Above, we showcased product specifications from Amazon and eBay regarding the same printer discussed previously. Both platforms describe certain identical specifications differently. Our goal is to connect each specification from one source with its analogous specification from another source, provided it exists. Matching product specifications can be viewed as a sentence similarity task and is closely related to semantic search. Our approach to the matching task mirrors that of the detection task. We convert each specification (comprising attribute and value) into distinct sentences for comparison. For instance, we will compare “Printing Technology Inkjet” from Amazon against specifications from eBay like “Brand HP”, “Model J9V92A#B1H”, “Memory 64 MB”, and so forth. Utilizing the multi-qa-MiniLM-L6-cos-v1 model and cosine similarity will enable us to assess the semantic similarity of these specifications. The illustration above highlights the specifications to be matched and provides their respective similarity scores calculated using the transformer-based language model. We can see that similar specifications yield high similarity scores, while dissimilar ones generally fall below that threshold. For example, “Printing Technology Inkjet” and “Brand HP” score only 0.32 in similarity. Thus, transformer-based language models can effectively be used to match product specifications.

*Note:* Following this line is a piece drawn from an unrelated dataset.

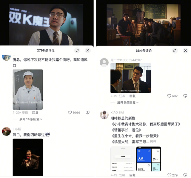 其中小米中国区市场部总经理王腾,和REDMI产品经理胡馨心都参与了演出,结尾处还出现了雷军在电话里的声音,算是一个彩蛋。这也成为该剧宣发时的主要噱头,用户大多奔着“小米首部短剧”、“小米高管出演”、“雷军出场”等前去围观,毕竟雷军本身就是小米最大的IP。评论区也都是对雷军、王腾的调侃,许多人还搬出十年前雷军跨界演电影时的造型,并做成表情包,放大了作品的娱乐效果。

This article illustrated the capabilities of transformer-based language models in large-scale automated e-commerce product data enrichment. We presented a solution for detecting product specifications that is not based on website structures. By treating the detection issue as a semantic search task, we successfully extracted specifications by evaluating the similarity of tables with breadcrumbs. Furthermore, we showed that transformer-based language models can also match identical product specifications despite syntactic variations. Overall, transformer-based language models are exceptionally powerful and applicable to a broad range of NLP tasks. As evidenced in this article, this includes employing semantic search (or sentence similarity) for extensive automated e-commerce product data enrichment.